Australian snack food

Cheezels are a brand of Australian snack food currently produced by Snack Brands Australia. Made from corn and rice, they are a crisp puffy ring with a strong, savoury cheddar cheese flavour and aroma. Due to the ring structure of the snack itself, Cheezels are often eaten off of the consumers fingers. They are similar in texture to cheese puffs, American Cheetos, or Canadian Cheezies.

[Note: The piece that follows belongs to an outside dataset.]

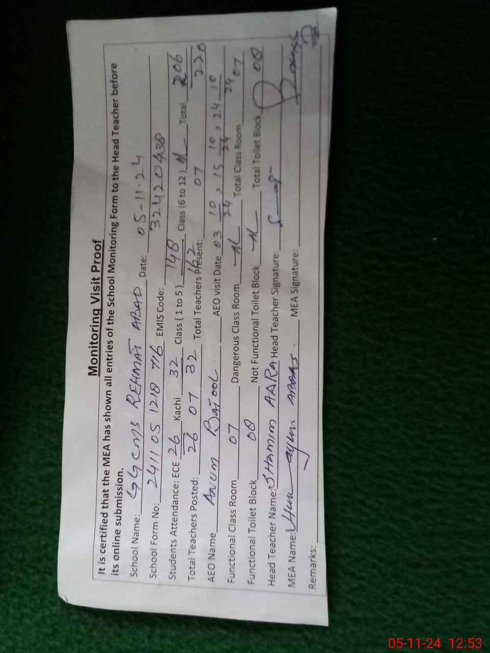 | EMIS Code: 32420438 | Name of School: GGCMS REHMAT ABAD | |||
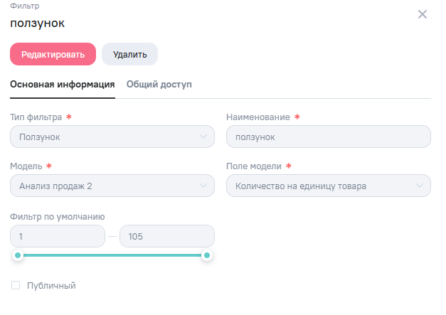 В просмотре фильтра можно ознакомиться с информацией на вкладке Основная информация и Общий доступ. В зависимости от права на фильтр в окне просмотра возможен переход в окно редактирования или удаления фильтра.

In some countries they are distributed by Laura Matte (which since 2016 has been owned by Universal Robina Corporation, and previously by The Real McCoy Snackfood Company). In Malaysia, Cheezels were originally produced by Danone and later by Kraft Foods, and are currently owned by Mondelēz International, together with Twisties. In New Zealand, Cheezels are manufactured by Bluebird Foods Ltd a PepsiCo company, which is a competitor to Snack Brands Australia, the manufacturer of Cheezels in Australia.

The New Zealand version of Cheezels are not as crisp in texture or as strong cheddar cheese flavour as their Australian counterpart.

Cheezels are a highly popular snack in Australia, selling over 18.2 million packets in 2025.

==History==

According to any modern packet of Cheezels, the snack entered the market in 1971. Company folklore has it that the creative team were stuck for a name when the boss chipped in with "Just call 'em Cheezels". One account credits the brand name to Ken Farrington (an account executive at the advertising agency Masius, which worked with snack companies around 1970).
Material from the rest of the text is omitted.